If I were a Maryland donor, the cash pipeline would dry up as soon as I felt that the athletic department has little idea what it’s doing. Firing Friedgen’s replacement in Edsall – who many disagreed should be hired in the first place – after just one season reeks of desperation.
Yes, Edsall had a deplorable season on the field and off it. He lost games, some in embarrassing fashion, and seemed better at passing the blame than helping the promising O’Brien pass the ball.
But I disagree with Feinstein – eating the $10 million on Edsall’s contract would be a disastrous decision by the Terps, who are strapped for cash and may be close to eliminating some varsity sports.
It’s possible that donors could stop giving money to Maryland athletics if they continue poor play under Edsall, but I’d take a chance that they would give Edsall more than just one bad season before they start tightening the purse strings. Plus, it’s a bad idea to bow down to the donors’ every suggestion.
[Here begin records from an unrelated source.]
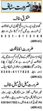 Private Company undefined, lahore Punjab Pakistan invites applications from eligible candidates for the post of electrical engineer, accounts officer, receptionist, admin assistant, engineer, purchaser, security guard, accountant, personal assistant, civil engineer, pa and manager accounts as per advertisement of December 23, 2024 published in daily Nawaiwaqt Newspaper. Preferred Education is B.com, Intermediate, Middle, Bachelor, BBA, BA and Matric etc.
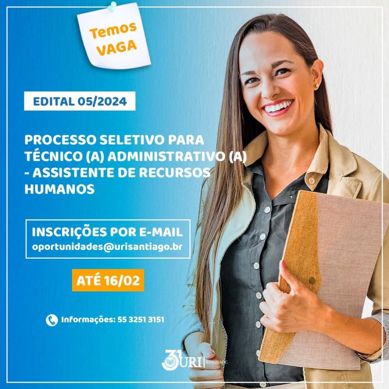 A Universidade Regional Integrada do Alto Uruguai e das Missões (URI), Câmpus de Santiago, torna público o edital que designa a contratação de Técnico Administrativo, para atuar como Assistente de Recursos Humanos (RH).
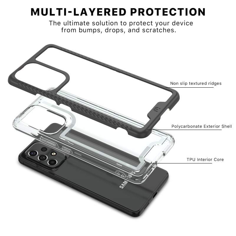 Designed for those who are drawn to beauty over complexity, the modern and sleek Lux cases will display the regal color of your customer’s Galaxy A53 5G with a fully transparent backing. Protect your customer's Galaxy A53 5G from scratches, bumps, and drops with this stylish dual-layer design, a black polycarbonate outer shell, and a padded TPU inner shell with 2X the durability of standard cases. The Lux clear case feature raised bezel edges and texturized ridged edges for additional safety while providing your customers easy access to all buttons and ports. Compatible with all wireless chargers, the ultra-slim and lightweight design makes it so they don’t have to remove the case every time they need to power up! The included high-grade tempered glass screen protector provides diamond-level protection, boasting an incredible 9H hardness and raised bezel edges to keep your customer's screen safe and pristine!

If you fire Edsall, you definitely won’t get that money back.
And all those big coaches who are on the market? They are going to cost a pretty penny, too. Malzahn isn’t leaving his cushy gig for small potatoes (he reportedly turned down a $3M offer from Vanderbilt last year), and Franklin reportedly has a lucrative offer from Vanderbilt on its way.
Are the Terps in a position to pay Edsall and enter a bidding war for the top coaches on the market? Not a chance.
And who in their right mind would want to take a job at a school where they shoved out the ACC Coach of the Year last season and then dumped his successor one year later?
That’s not even to mention Edsall’s worth on the sideline. He proved at Connecticut that, with some patience, he will reward a school that places some faith in him.
I am not asking Maryland to show the type of loyalty Edsall received at UConn, where he didn’t post a winning season until his fifth campaign. I know Maryland is in a different position now than UConn was at the turn of the millennium as it made its way into FBS football.
But Edsall was an acquired taste in Storrs, mostly because it took him a while to acquire meaningful wins.
As Hartford Courant columnist Jeff Jacobs points out here, Edsall is a coach with a militant style and strict rules. It’s not easy to convince another coach’s roster to adapt to those rules, especially when things aren’t going as they want on the field.
Give Edsall a fighting chance to get through to those guys.